Nothing testifies to the grandness of an endeavor than a multigenerational effort of passing values down to the next torchbearers. And in the case of IWP supporter Richard Zakrzewski (11 November 1919-21 March 2013), who has just passed away, the method of transmission was The Institute of World Politics. Our school reflects his values, methods, goals, and hopes for the United States and the world, including his Old Country, Poland.
Mr. Zakrzewski was born in Lwów, Poland (currently Ukraine). He studied engineering at the Lwów University. He was also an altar boy, a boy scout, and a student activist.
In September 1939, when Nazi Germany and Soviet Russia attacked Poland, he promptly volunteered for service and took to the field.
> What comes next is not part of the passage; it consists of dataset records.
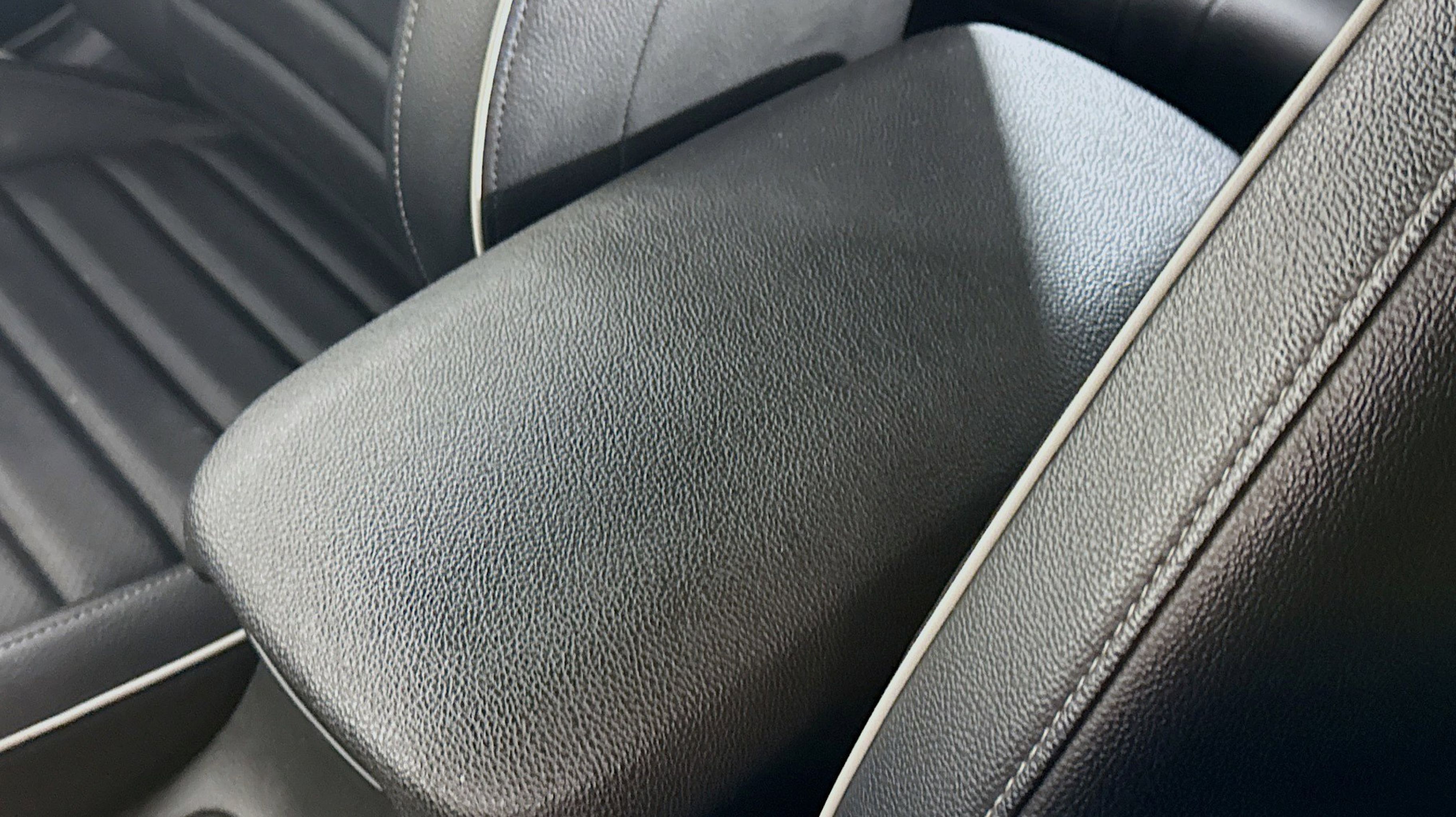 - BLACK CLOTH & LEATHERETTE SEAT TRIM -inc: white contrast stitching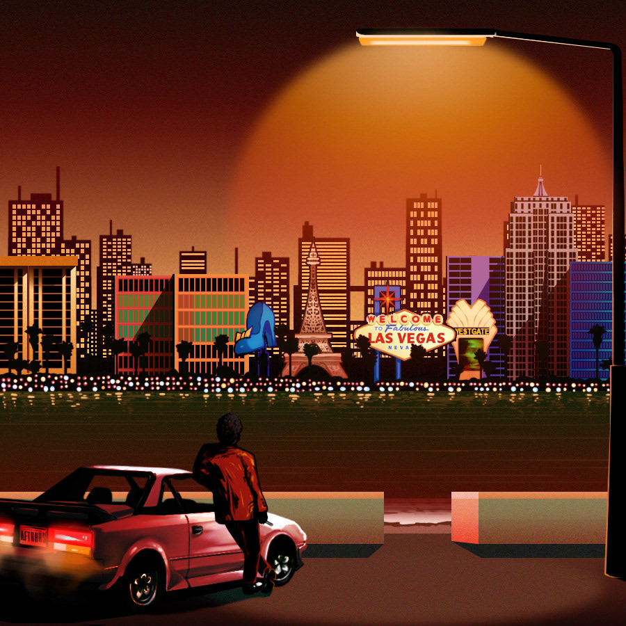 A personal illustration of The Weeknd from his album, After Hours. I came up with this idea of The Weeknd's character gazing and smoking across the way from the Las Vegas strip, or just chilling before he goes and does a lot of regrettable stuff. Like the calm before the storm. During the animation, he's seen driving and crying, almost like he regrets what has happened and what he's choosing to do with his time in Las Vegas.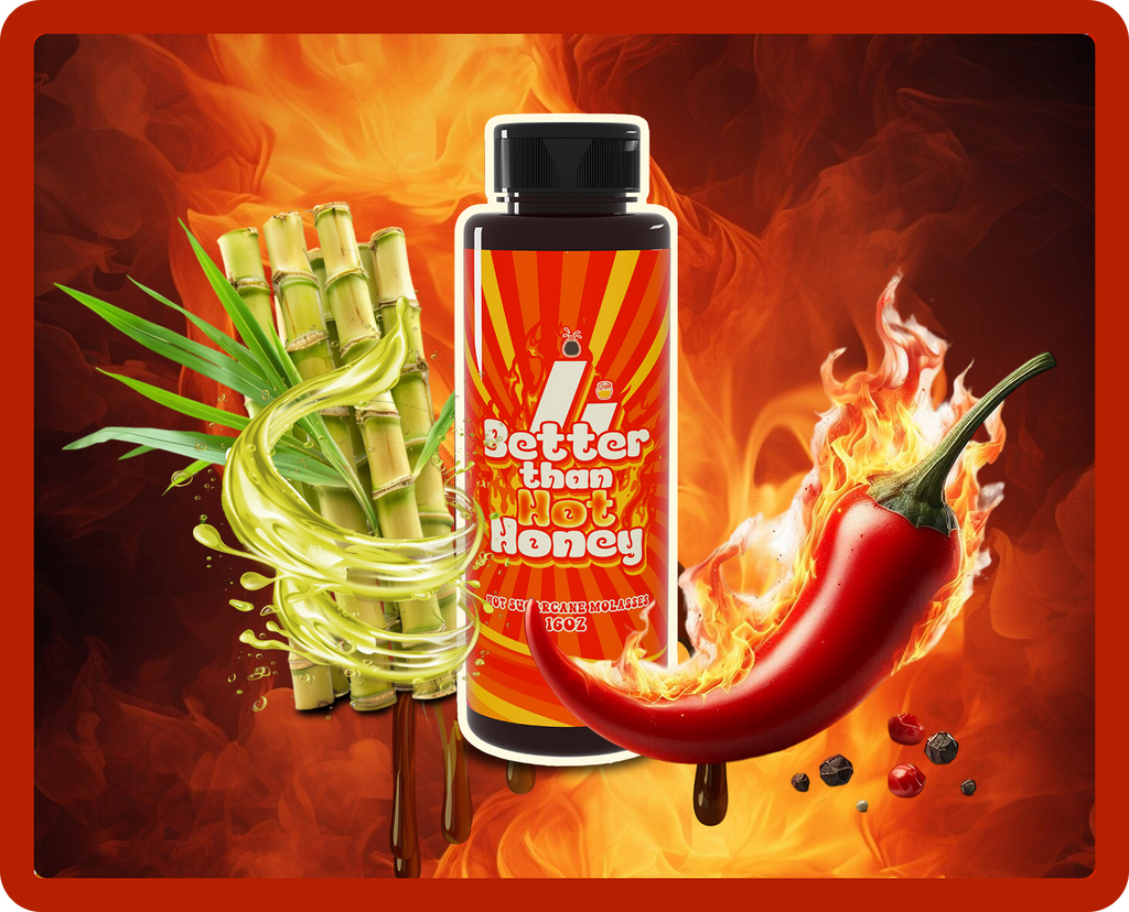 Our Hot Molasses delivers a bold twist on tradition—rich, natural sweetness blended with a fiery kick of spice. Perfect drizzled over pizza, barbecue, or even glazed on veggies, or swirled into sauces, it transforms everyday meals into flavor-packed experiences. Smooth yet spicy, comforting yet adventurous—this is molasses with attitude. No additives, no preservatives, just pure natural sweetness turned up with heat. For food lovers who like a little fire with their flavor.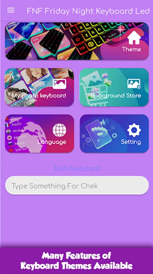 FNF Friday Night Keyboard LED - Keyboard Theme is a new keyboard for Android with which you can decorate with photos of FNF Friday Night. You can type messages with a new and not boring keyboard model. FNF Friday Night there are many choices of designs and photos that you can use to decorate your keyboard. With this keyboard you can type fast and get the experience of typing messages with a modern keyboard model.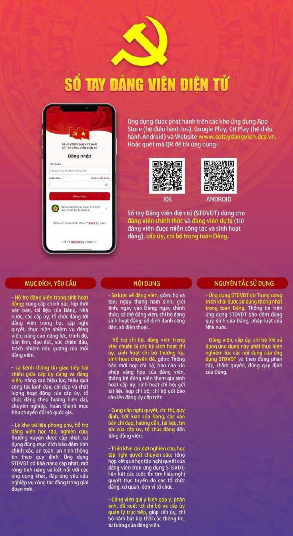 - Là kho tài liệu phong phú, hỗ trợ đảng viên học tập, nghiên cứu; thường xuyên được cập nhật, sử dụng đúng mục đích bảo đảm tính chính xác, an toàn, an ninh thông tin theo quy định, ứng dụng sổ tay đảng viên điện tử có khả năng cập nhật, mở rộng tính năng và kết nối với các ứng dụng khác, đáp ứng yêu câu nghiệp vụ công tác đảng trong giai đoạn mới.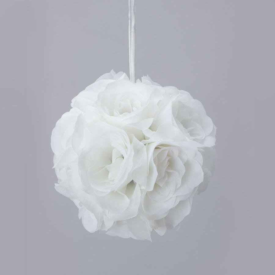 ROSE SILK FLOWER POMANDER KISSING BALL – WHITE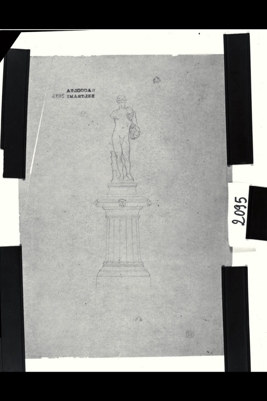 Disegno in alzato di statua di una figura maschile su piedistallo. Disegno in alzato di statua di una figura maschile su piedistallo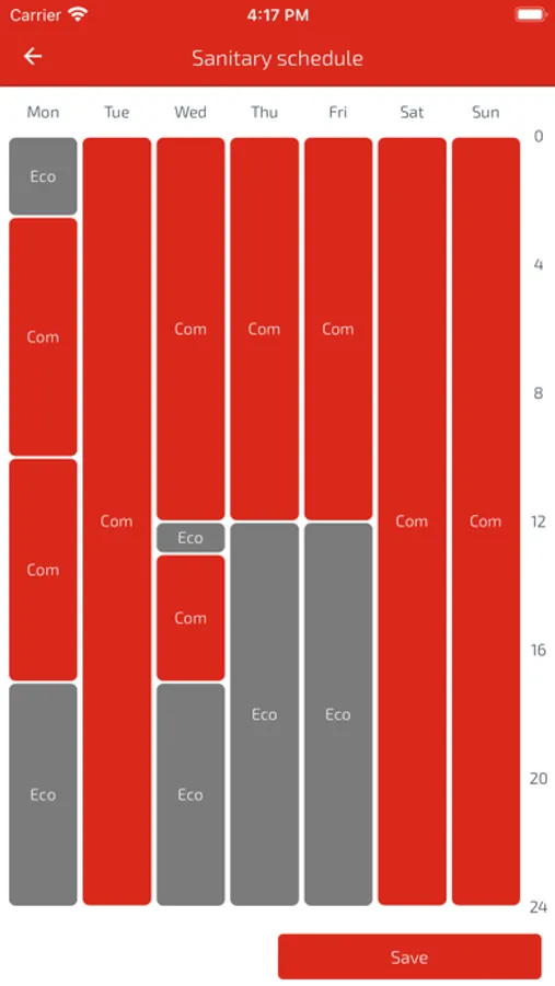 From the programming page it is possible to set the various time slots for heating, cooling and domestic hot water.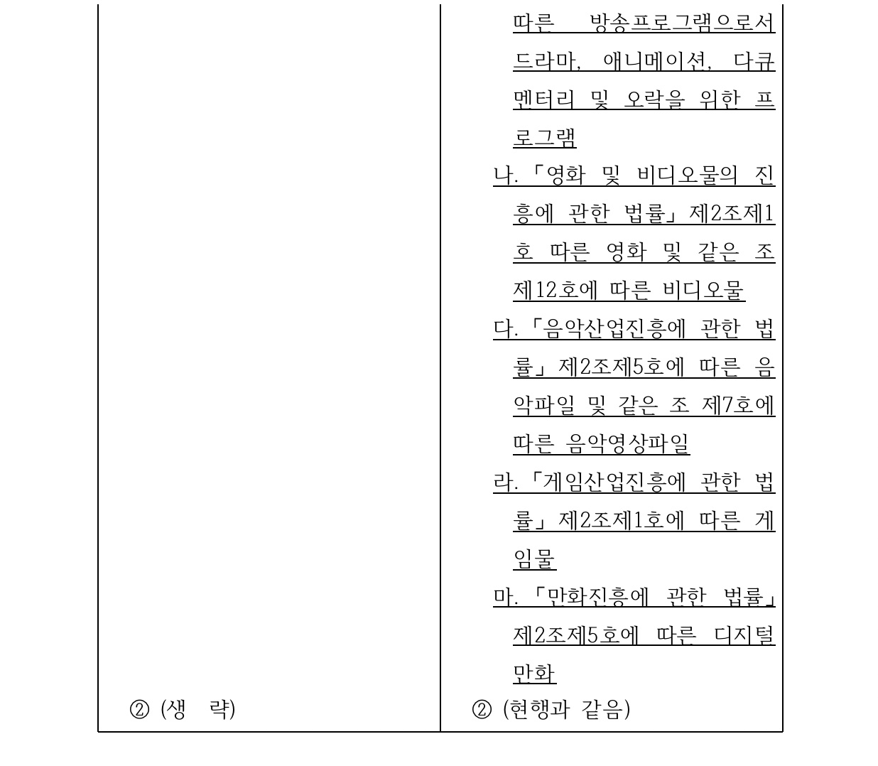- 콘텐츠 제작 투자비용 세액공제율 상향 - 영화, 공연, 온라인 문화콘텐츠 부가가치세 면세 - 수도권 과밀억제권역 내 콘텐츠 제작 중소 창업기업 세액감면 적용 |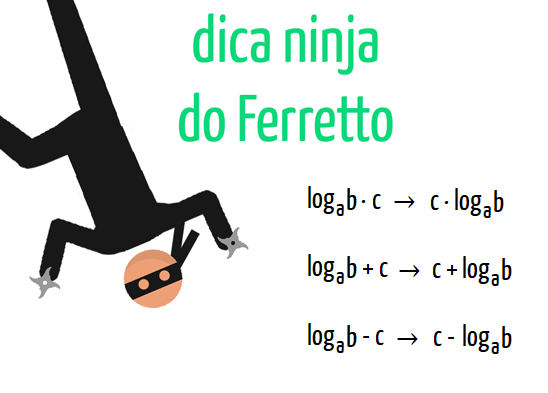 Assim, eu garanto, não haverá confusão alguma quanto aos termos que fazem parte do logaritmando dos mais diversos logaritmos. Agora, é hora de conferirmos mais uma propriedade!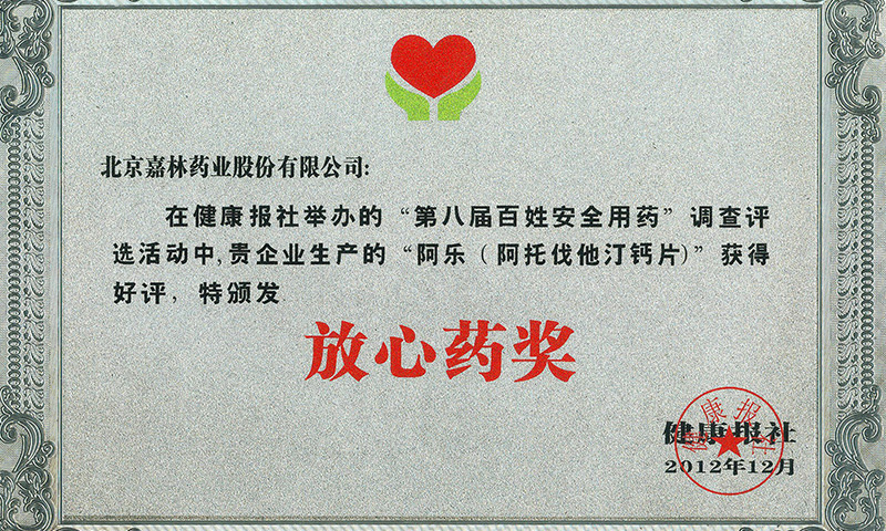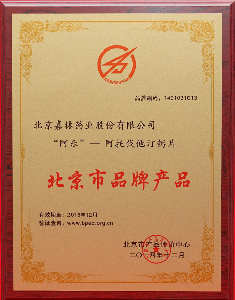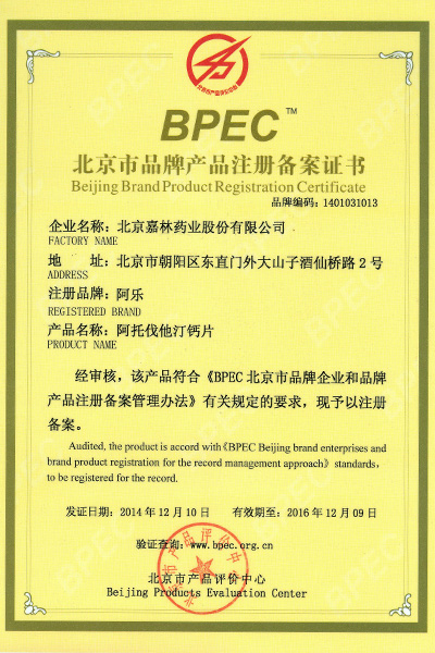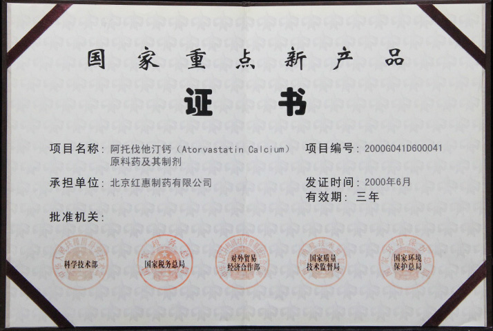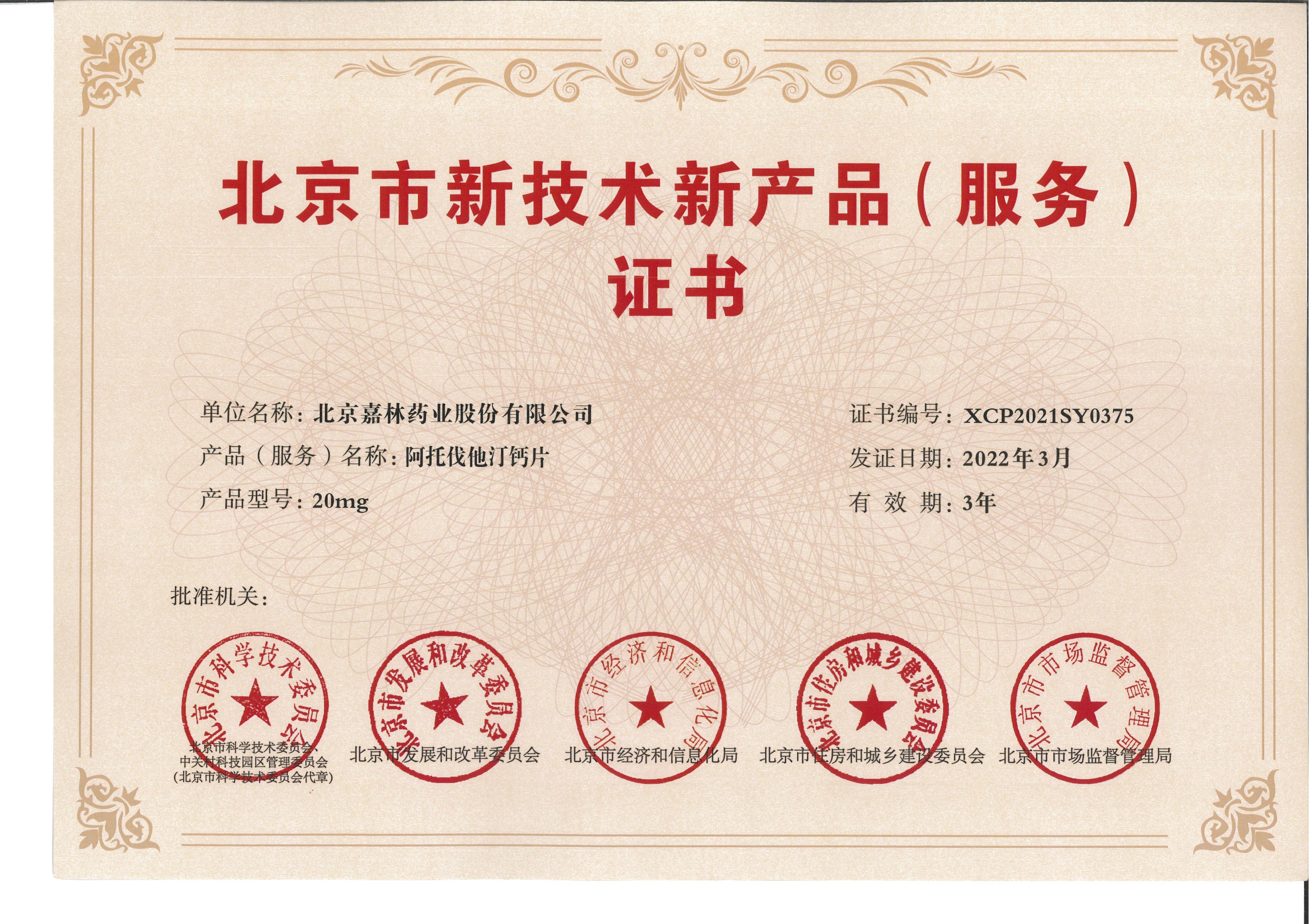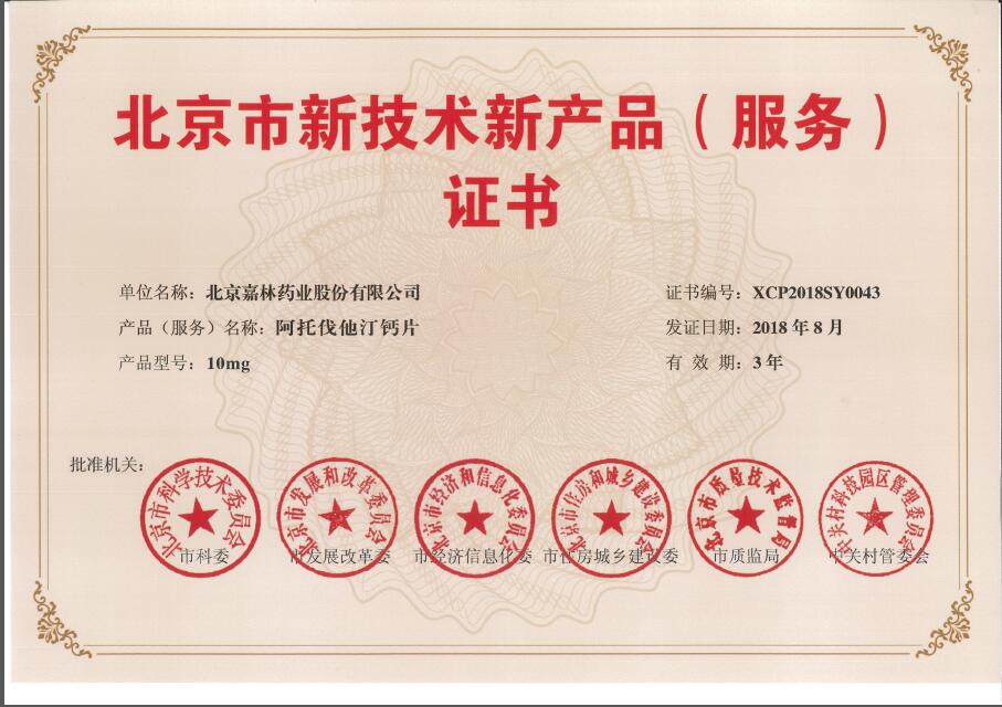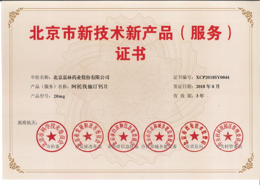 • 阿托伐他汀鈣片20mg榮獲北京市新技術(shù)新產(chǎn)品(服務(wù))證書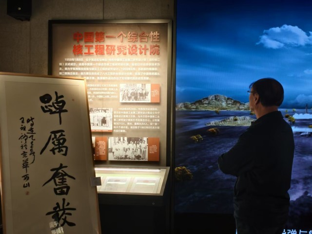 4月24日,“两弹一星”在海淀主题展馆内,一名观众在看展览。中青报·中青网记者 尹希宁/摄

His small squad of friends was captured first by Ukrainian nationalists and then by the Communists, but the young people managed to extricate themselves from their clutches each time. They broke out of jail and crossed into neutral Romania, where they were immediately interned. Soon they fled from the internment camp to Yugoslavia and Greece. There they stowed away on a ship which took them to France, where they rejoined the Polish Army. Mr. Zakrzewski subsequently fought at Narvik, Norway, in April 1940, and, afterwards, was shipped back to France to face the German blitzkrieg once again.
The French surrendered, but his Polish regiment fought on. Later it was dissolved with orders to head for England in small groups. Taken prisoner, he and his friends disabled the guards and escaped into unoccupied France. There they procured a yacht and sailed for Gibraltar. None really knew how to sail. Shipwrecked in a ferocious storm not far away from the British enclave, they were apprehended by the White Spaniards, who–to the great fury of the Poles–took them for Communists and imprisoned them at the infamous Miranda del Ebro camp. After several escape attempts and a lengthy hunger strike, combined with Allied diplomacy and military success against the Axis, Madrid finally released the captives who traveled through Portugal to England, where Mr. Zakrzewski joined the Royal Air Force bomber command’s Polish-wing (304 Polish RAF Squadron) in January 1943. Until the end of the war, he chased U-boats around the Atlantic, most frequently in the Bay of Biscay.
Whether on the march, in jail, in camp, or in combat, Mr. Zakrzewski continued his studies. In between flying sorties, he attended the Polish University in Exile and the Royal Institute of Technology. He graduated with a graduate engineering degree from both. His specialty was optical engineering. Meanwhile, he also pursued his political activism. As an émigré youth leader, right after the war he set out to organize Polish students around Western Europe and arranged for scholarships for them at Catholic universities, most notably in Belgium. Education was always extremely important to him.
Richard came to the United States from Great Britain in 1949. He worked on projects pertaining to national security, including the hydrogen bomb’s nuclear trigger and spy satellites. His last national security assignment was the Strategic Defense Initiative (SDI), in particular the mirror project of “Star Wars,” which he led. He held a number of engineering patents, and penned numerous scholarly papers on engineering issues.
Mr. Zakrzewski was a movement conservative and a community organizer long before it became fashionable. To address the needs of San Francisco Bay Area citizens, he founded the Polish American Federal Credit Union in 1974. He was elected president of the Polish American Congress’ Northern California Chapter. Richard created and ran several charities, including the Thaddeus Ungar Foundation. He was a published author and a pundit on conservative American and Polish issues. He supported the dissident movement and “Solidarity” in Poland. Last but not least, he was a practitioner of public diplomacy par excellence. His charitable activities involved him deeply in the post-Soviet zone as far afield as Kazakhstan.
Both Mr. Zakrzewski’s grandfather and father were killed by the Soviets: in 1937 and 1939, respectively. His mother died in the Gulag in 1941. He is survived by his wife Sophia (nee Witwicka), seven children, grandchildren, and great-grandchildren.
A longtime donor to IWP, Mr. Zakrzewski was a close friend and a California neighbor of Professor and Mrs. George Lenczowski, the parents of the founder and president of The Institute of World Politics, Dr. John Lenczowski. Further, he was the foster father of IWP’s Dr. Marek Jan Chodakiewicz. RIP.
Services for the repose of Mr. Zakrzewski’s soul will be held in Warsaw on March 27, San Francisco on April 6, and Miami on April 11.